Since the renewed efforts to instill patriotism in our hearts, Americans have turned to Old Glory to show their pride in, and loyalty to, their country, but in the process probably have committed the unthinkable: They’ve abused the American flag they revere.

Mishandling and improperly displaying the flag is not a crime, but merely a breach of established etiquette. Even sticklers for proper flag courtesies only cringe and look the other way, excusing innocent mistakes as the price of the newfound passion for showing the Stars and Stripes.

However, perennially waiting in the wings is a proposed constitutional amendment that would make flag desecration a crime, although “desecration” has yet to be defined and could mean almost anything to the etiquette police.
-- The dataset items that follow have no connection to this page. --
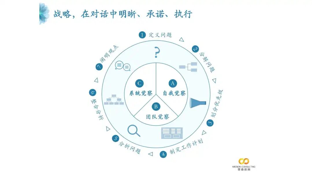 战略对话, 一共七个步骤,环环相扣,步步深入,在每一个环节我们都会留出足够时间给高管团队做“个人觉察、团队觉察和系统觉察。”
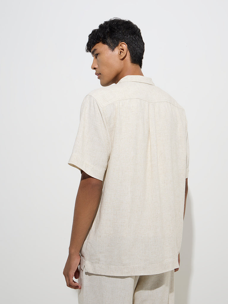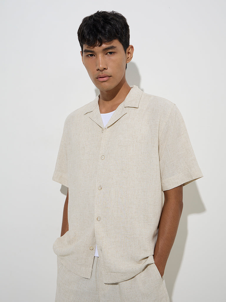 This beige shirt from ETA blends laid-back charm with refined style. Woven from a sumptuous cotton-linen blend. it’s tailored in a relaxed silhouette for supreme comfort. Finished with a camp collar. half sleeves. and a button placket. it’s a versatile pick for effortless dressing.
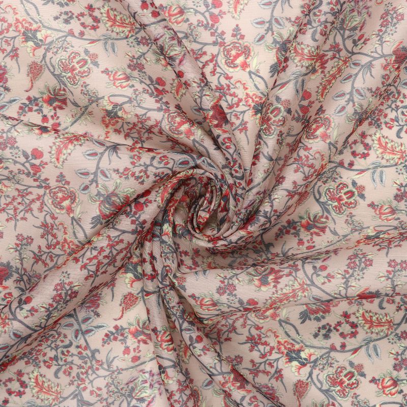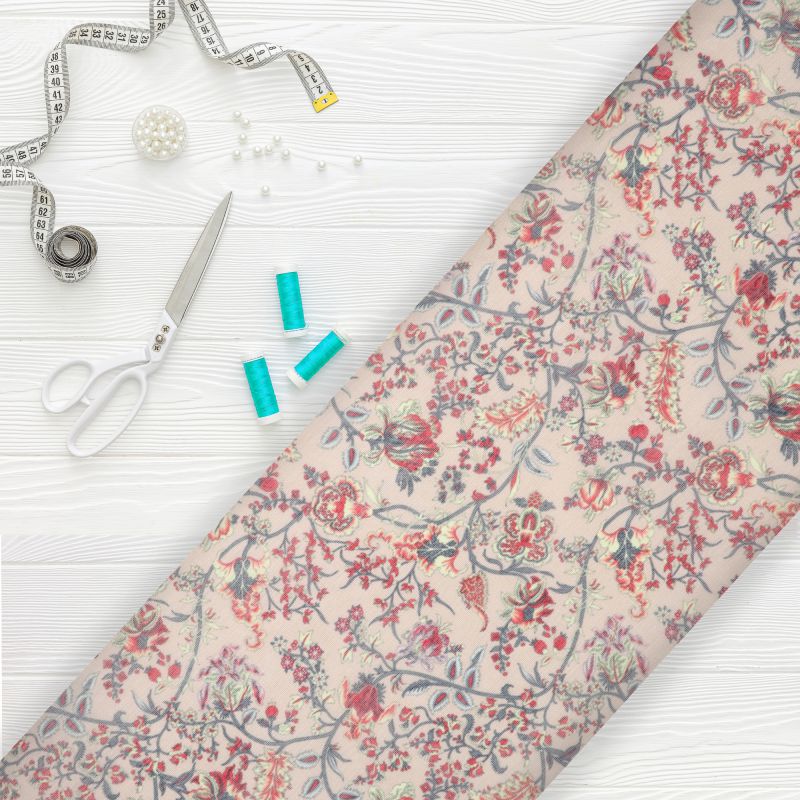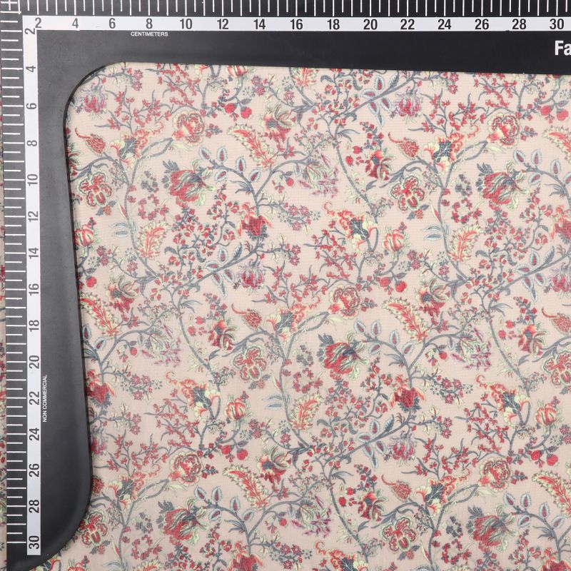 Dusty Peach And Red Floral Pattern Digital Print Chanderi Fabric

The amendment has failed to attract enough congressional votes for adoption whenever it’s introduced.

If such an amendment is ever adopted in Congress, and ratified by at least 38 states, entire industries that produce billions of dollars in sports apparel and souvenirs might be forced to stop using the U.S. flag as a motif.

Meanwhile, however, the official flag code with dozens of do’s and don’ts is available from various organizations, including a number of websites, including the Veterans of Foreign Wars at www.vfw.org/Flag/

Here is a sample of the most common right and wrong ways of handling the U.S. flag:

  • Don’t display the flag at night unless properly lighted.
  • Don’t display the flag during inclement weather, unless the flag is an all-weather flag.
  • Don’t drape the flag over the hood, top, sides or back of a vehicle, train or boat; when displayed on an auto, the staff or pole should be fixed on the chassis or right fender.
  • Don’t use the flag to cover a statue or monument.  
  • Don’t allow the flag to touch the ground, water, floor or merchandise.
  • Don’t use the flag as wearing apparel, bedding, or drapery.
  • Don’t use the flag for advertising purposes, nor embroidered on cushions or handkerchiefs, or printed on paper napkins and boxes.
  • Do destroy the flag, preferably by burning, when in no condition to be a fitting emblem.
  • Do stand and observe the passing of the flag in a parade; civilians with their right hands over their hearts, those in uniform with a military salute.
  • Do display the flag on Memorial Day at half-staff until noon, then raised to the top of the staff thereafter.
  • Do fly the U.S. flag above all other flags of states, cities or other localities on halyards.
  • Do display a flag over a street by suspending it vertically, with stars to the north on an east-west street or to the east on a north-south street.
  • Do display the flag near the administration building of every public institution, at polling places on Election Day and at schools during school days.